Gregor Piatigorsky has been known to audiences for nearly half a century as one of the world’s great cellists. But in the music world, he is almost as noted for his borscht-accented conversation—sharp and sagacious—as for his musicianship. Last week, as he observed his 65th birthday on his rambling estate in Los Angeles, the far-from-retiring Piatigorsky gave one of his inimitable offstage performances in a four-hour talk with TIME’S Los Angeles bureau chief, Marshall Berges. As these excerpts show, he is as much of a verbal virtuoso as ever.

On aging:

I consider myself an extremely young man but a fairly old musician. How long I have played the cello is far more important to me than if I had reached the age of 150 because the years as such do not mean anything, but with the cello, not a day passes that I do not look for something new. I have played it for 58 years, and it is still full of surprises, full of adventures. Mine was made by Stradivari more than 250 years ago, but it stays forever young. How marvelously preserved it is! How beautiful it sounds!

On modern music:

So much that is composed today seems to be done with electronics, or kitchen utensils. The score looks like an engineering design, and you feel that, instead of a musician, you are an atomic engineer. Yet I hesitate to reject it. Beethoven and Mozart never heard the sounds of today—the ringing of a telephone, the roar of a jet engine starting. If they had, perhaps they would have utilized them in their music. The same goes for plastic art. Leonardo da Vinci never saw New York City at night. Rembrandt didn’t see the vistas that our astronauts have seen. Frankly, I would like to work with these composers who write crazy music, but they are terribly isolated. They should collaborate with performers; then, instead of looking to new instruments to produce new sounds, they would develop insight into existing instruments. I think it would be nice to particinate in the new movement, to make it more sane.

On U.S. audiences:

Americans are growing more sophisticated in their musical tastes. However, there is still very little opera in this country, and I think we need new audiences at concerts.
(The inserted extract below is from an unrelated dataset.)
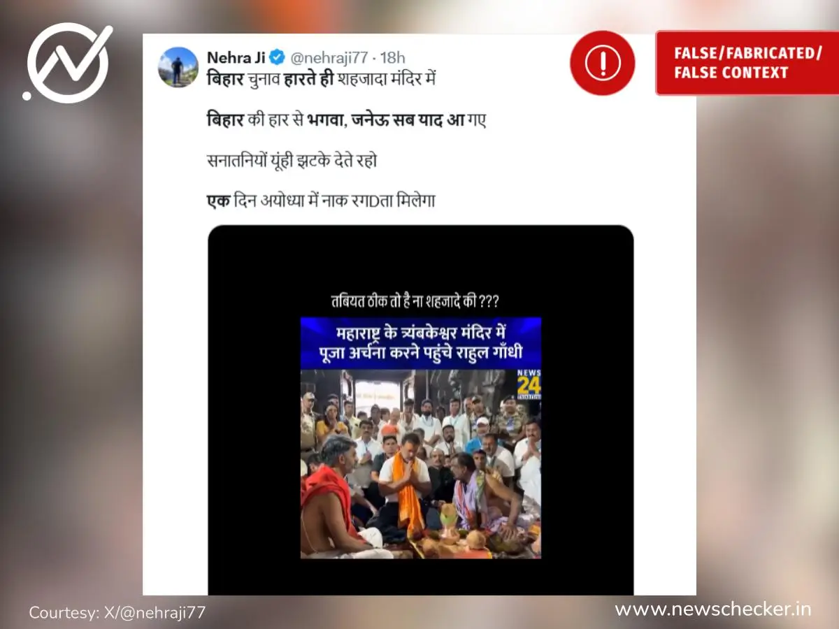 सोशल मीडिया पर एक वीडियो शेयर कर दावा किया गया कि बिहार विधानसभा चुनाव में हार के बाद राहुल गांधी महाराष्ट्र के त्रयंबकेश्वर मंदिर में पूजा करने पहुंच गए। हमारी पड़ताल में यह दावा गलत साबित हुआ। फैक्ट चेक यहां पढ़ें।

There is still too much division. I watch basketball, hockey, baseball, soccer, wrestling. Tell me, why shouldn’t a wrestler or a hockey player go to a cello recital?

On living in Hollywood:

When I lived in Paris or London, everybody sneered at the Hollywood style or Hollywood superficiality. But when I moved here in the ’40s, who were my neighbors? Schoenberg, Rachmaninoff, Aldous Huxley, Heifetz, Thomas Mann, Stravinsky and Rubinstein. What Hollywood style? What Hollywood superficiality? These creative people lived here, first, because the city is so widespread that you can have your privacy when you want it. Second, the climate. Also, people here are not afraid to break traditions. When we want to play without a conductor, we do so.

On chamber music:

People always say that those who play chamber music couldn’t make it as soloists, that it’s for very old people who would play a little bit on the slow side and everybody would fall asleep. Actually, it got its name because it is performed in chambers—in a room—and not in the marketplace. If a pianist plays a sonata by Chopin, he plays alone, but nobody calls it chamber music. If you add one other instrument

it becomes chamber music. Isn’t that strange?

On reviews and performing:

When I first came to the U.S. nearly 40 years ago, I played in many cities where the cello was unknown. My manager thought something was wrong with my head because I rejoiced at a negative review and was unhappy at a favorable one. For instance, a review would say, “Piatigorsky played magnificently, but the piece is weak and the cello really is not a solo instrument.” Well, if the reviewer found that the Stradivari and the composition were bad, obviously I had been very poor. But if the review said how magnificent the composition was and how glorious the cello was, but how poorly Piatigorsky played, then I knew that I had been able to present the piece so that it was beautiful. So I lived my life backward. There is a constant striving by the performer to make the music as good as it really is—and that is one way in which a person can live for something that is bigger than himself.